The Aukey PR also loaned Guru not one but three wall chargers: the 4-Port USB Wall Charger, which includes one Quick Charge 3.0 port, three automatic balancers and does the job with no fuss; the USB-C Wall Charger, a compact 27W monster that can spew up to 3A down a (not included) USB-C cable and get typically warm while doing so; and the 60W 6-port Desktop Charging Station, which powers itself via the same figure-eight cable Guru plugged into his boombox back in the day. All of these are, frankly, fine, and costeffect­ive, though perhaps not as effective as using, say, your phone’s specific charger.

How do I best extend my PS4 Pro storage?

‘Best’. That’s the word of the day here. Guru could point you at any number of external hard drives, each packed with terabytes upon terabytes of space – just get a WD My Passport 4TB, if capacity is all you care about – but that’s not the best way to do it. Spinny mechanical drives are, frankly, dropping heavily into past-tech territory, particular­ly with prices of SSDs trickling down.

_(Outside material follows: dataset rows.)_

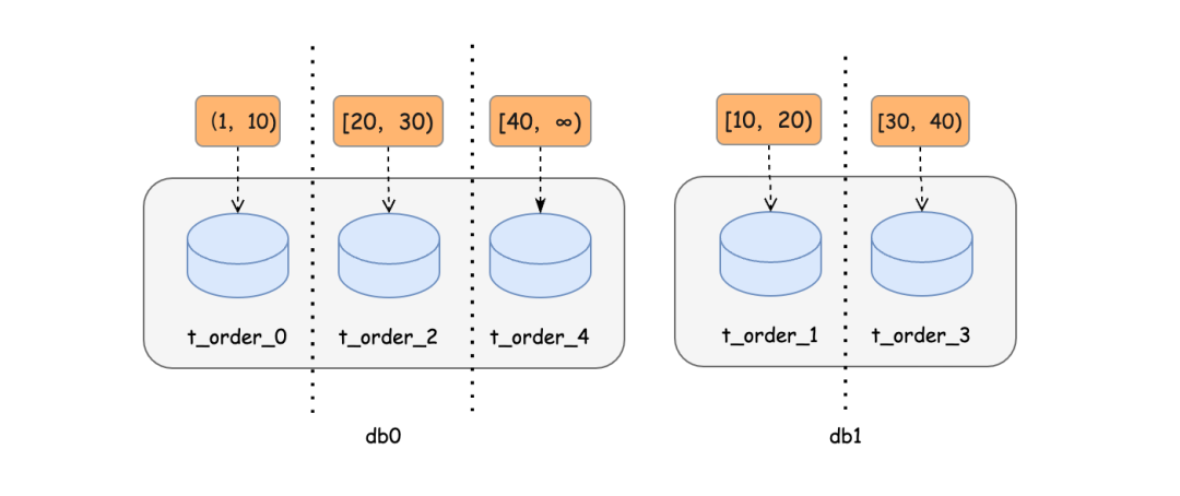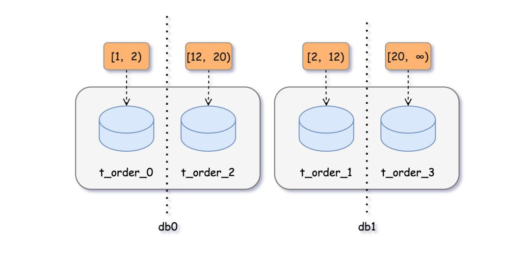 这个配置的意思就是说,分片健t_order_id的值在界值 [range-lower,range-upper) 范围内,每个分片表最大存储 10 条数据;低于下界的值 [ 1,2 ) 数据分布到 t_order_0,在界值范围内的数据 [ 2,20 ) 遵循每满足 10 条依次放入 t_order_1、t_order_2;超出上界的数据[ 20,∞ ) 即便前边的分片表里未满 10条剩下的也全部放在 t_order_3。
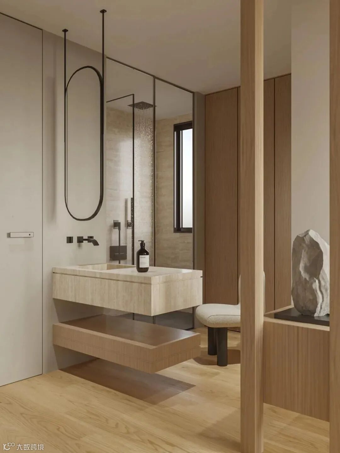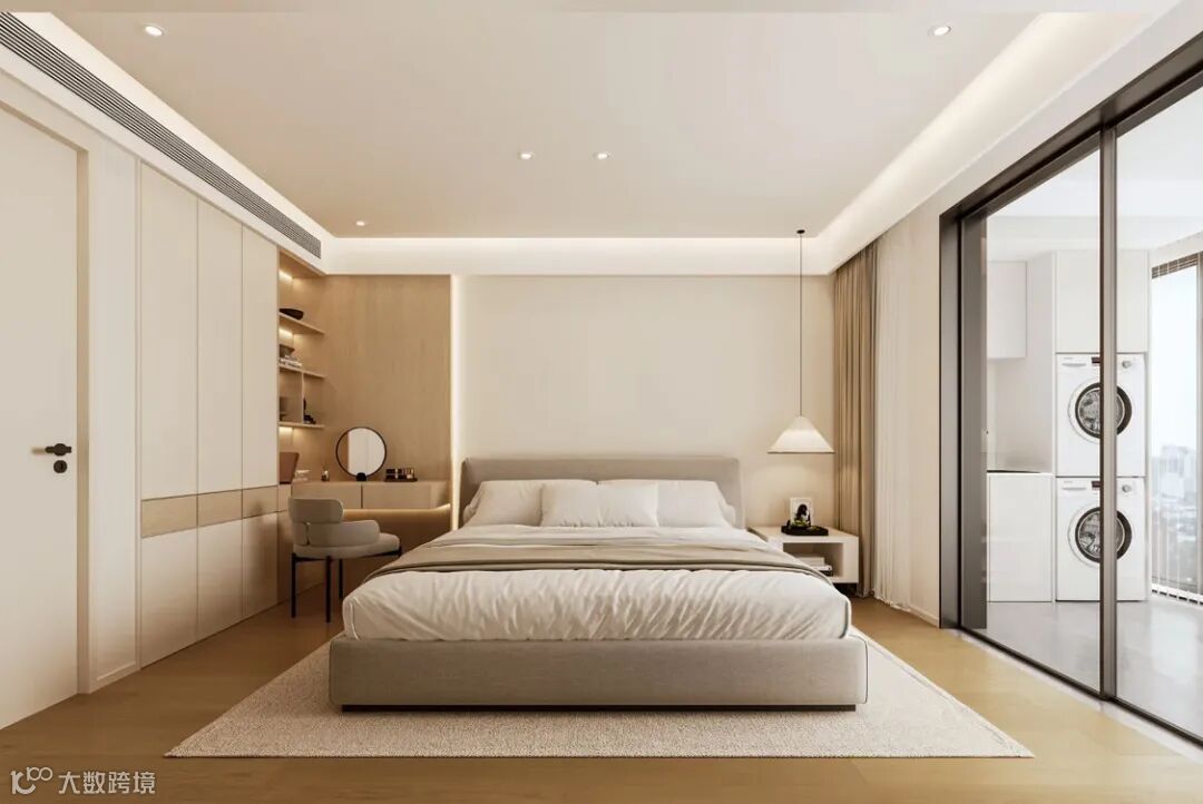 卧室是心灵的港湾。春树榆木的点缀展现出极致的温柔,在光影的映衬下,更显生动。
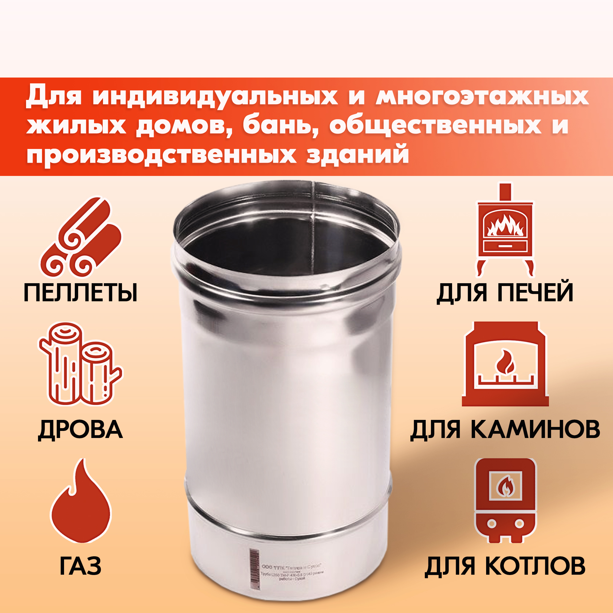 Дымоходная труба Моно от производственной компании Теплов и Сухов – является основным элементом дымоходной системы и предназначена для отведения продуктов сгорания от печей, каминов, котлов, устанавливаемых в индивидуальных и многоэтажных жилых домах, банях, общественных и производственных зданиях.

Perhaps Samsung’s 2TB T5 is a bit expensive for your tastes given that it basically costs the same as the console itself. But that thing is fast, and drive performanc­e is such a huge factor in overall system speed that you’d be a fool to pick anything other than an SSD; it certainly looks as if the next generation of consoles will actively require them. Consider also replacing the internal hard drive, if you’re up for a challenge: the standard storage is a slow spinner, and dropping in an SSD will lower load times by a third.